The paper introduces geometry-aware uncertainty sets as a modeling contribution to handle joint position and orientation errors under blockage, then applies standard robust optimization tools (S-procedure, BCD, MM, penalty methods) to maximize sum rate subject to secrecy constraints. The 4.7 dB gain is obtained from Monte-Carlo simulations against fixed-antenna baselines and does not reduce to any quantity defined by the optimization variables or by self-citation of prior results from the same authors. No step equates a claimed performance metric to a fitted parameter or renames an input as a prediction; the derivation remains self-contained against external benchmarks.
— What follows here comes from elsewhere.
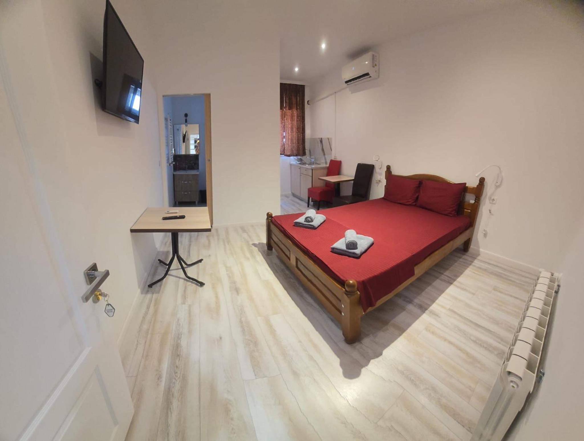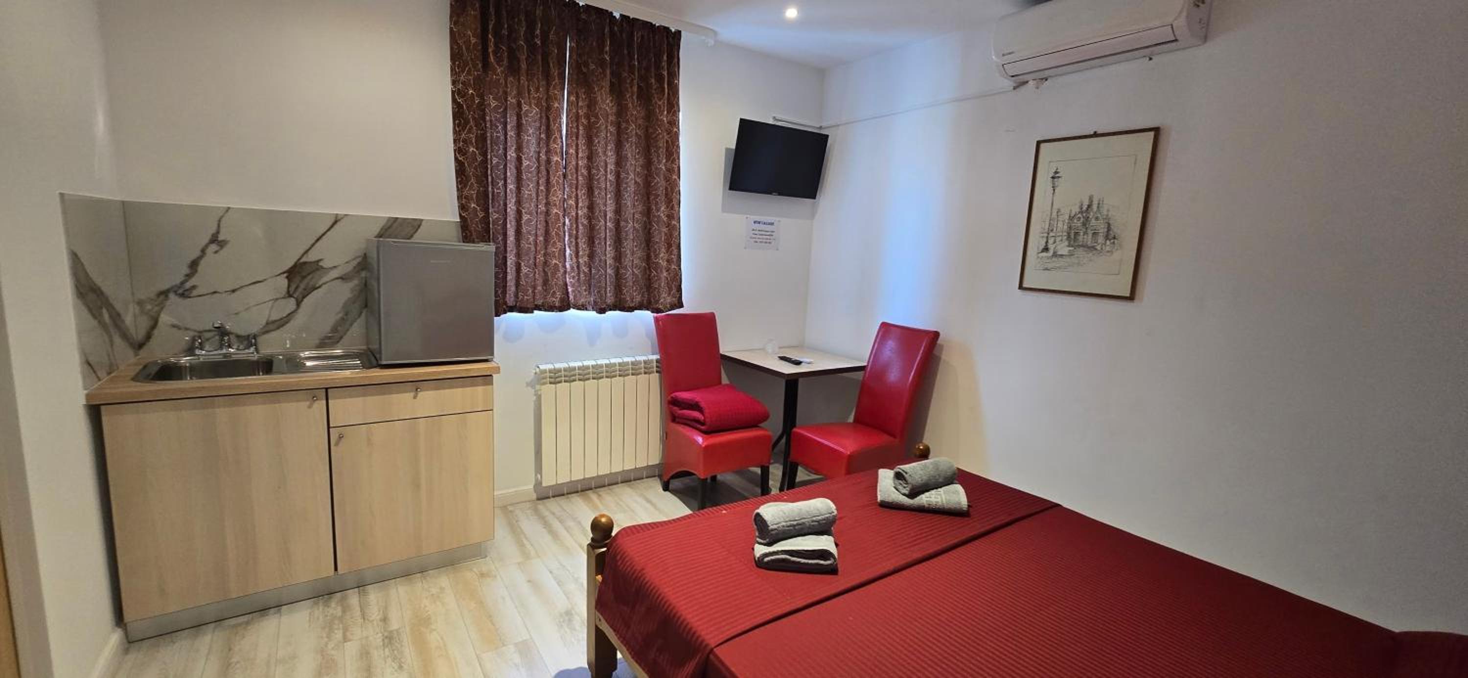 Relax with a flat-screen TV, private bathroom, and fridge in each room.

Axiom & Free-Parameter Ledger

0 free parameters · 1 axioms · 1 invented entities

The paper adds a new modeling construct (geometry-aware sets) and an optimization framework. No large set of fitted constants or invented physical entities; the uncertainty sets are the primary modeling addition.

axioms (1)
  • domain assumption Imperfect CSI characterized by position and orientation errors for multi-antenna eavesdroppers in the presence of blockages.
    Invoked to motivate and construct the geometry-aware uncertainty sets for the robust formulation.
invented entities (1)
  • Geometry-aware uncertainty sets no independent evidence
    purpose: To jointly model eavesdropper position and array-orientation errors in a manner suitable for spatially distributed pinching antennas.
    New modeling construct introduced to avoid overly conservative linear bounds.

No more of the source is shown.